- What the task requires: An exact reproduction of the listing, minus the pictures, is the required output.

(Supplied material begins)

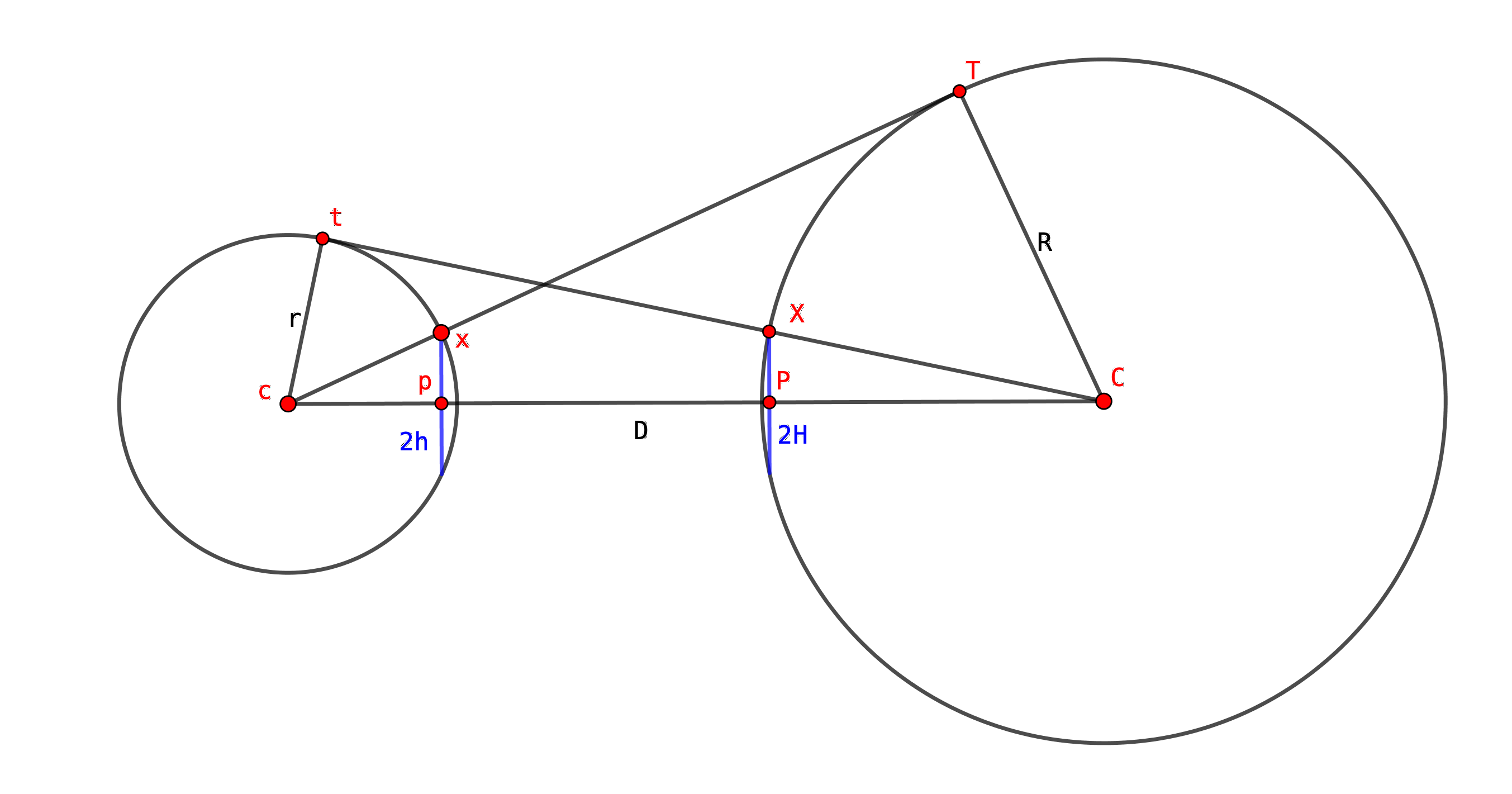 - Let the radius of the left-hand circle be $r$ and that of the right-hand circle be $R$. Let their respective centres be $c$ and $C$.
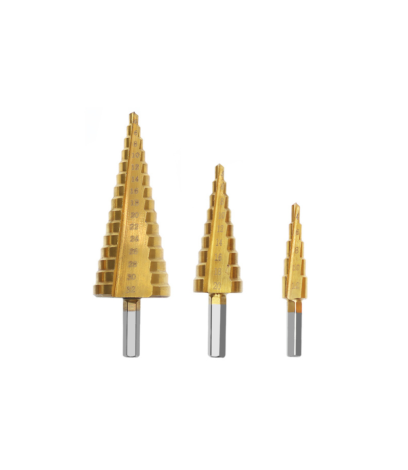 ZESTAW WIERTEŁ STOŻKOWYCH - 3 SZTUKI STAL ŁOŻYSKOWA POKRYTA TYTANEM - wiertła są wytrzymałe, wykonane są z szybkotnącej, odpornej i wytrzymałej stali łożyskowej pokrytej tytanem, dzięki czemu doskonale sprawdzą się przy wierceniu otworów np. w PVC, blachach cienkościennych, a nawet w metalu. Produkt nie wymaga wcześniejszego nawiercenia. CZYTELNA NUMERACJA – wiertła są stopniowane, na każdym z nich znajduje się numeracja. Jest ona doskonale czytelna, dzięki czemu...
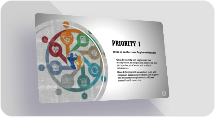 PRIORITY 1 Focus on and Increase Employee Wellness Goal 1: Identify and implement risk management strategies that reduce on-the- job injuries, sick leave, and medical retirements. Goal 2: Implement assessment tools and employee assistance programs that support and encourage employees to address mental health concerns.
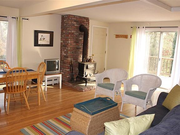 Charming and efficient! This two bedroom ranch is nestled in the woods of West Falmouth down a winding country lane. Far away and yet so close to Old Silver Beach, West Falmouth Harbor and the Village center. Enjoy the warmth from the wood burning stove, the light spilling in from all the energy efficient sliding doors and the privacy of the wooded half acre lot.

(Supplied material ends)

- Solution for this problem:
 - Let the radius of the left-hand circle be $r$ and that of the right-hand circle be $R$. Let their respective centres be $c$ and $C$.
 ZESTAW WIERTEŁ STOŻKOWYCH - 3 SZTUKI STAL ŁOŻYSKOWA POKRYTA TYTANEM - wiertła są wytrzymałe, wykonane są z szybkotnącej, odpornej i wytrzymałej stali łożyskowej pokrytej tytanem, dzięki czemu doskonale sprawdzą się przy wierceniu otworów np. w PVC, blachach cienkościennych, a nawet w metalu. Produkt nie wymaga wcześniejszego nawiercenia. CZYTELNA NUMERACJA – wiertła są stopniowane, na każdym z nich znajduje się numeracja. Jest ona doskonale czytelna, dzięki czemu...
 PRIORITY 1 Focus on and Increase Employee Wellness Goal 1: Identify and implement risk management strategies that reduce on-the- job injuries, sick leave, and medical retirements. Goal 2: Implement assessment tools and employee assistance programs that support and encourage employees to address mental health concerns.
 Charming and efficient! This two bedroom ranch is nestled in the woods of West Falmouth down a winding country lane. Far away and yet so close to Old Silver Beach, West Falmouth Harbor and the Village center. Enjoy the warmth from the wood burning stove, the light spilling in from all the energy efficient sliding doors and the privacy of the wooded half acre lot.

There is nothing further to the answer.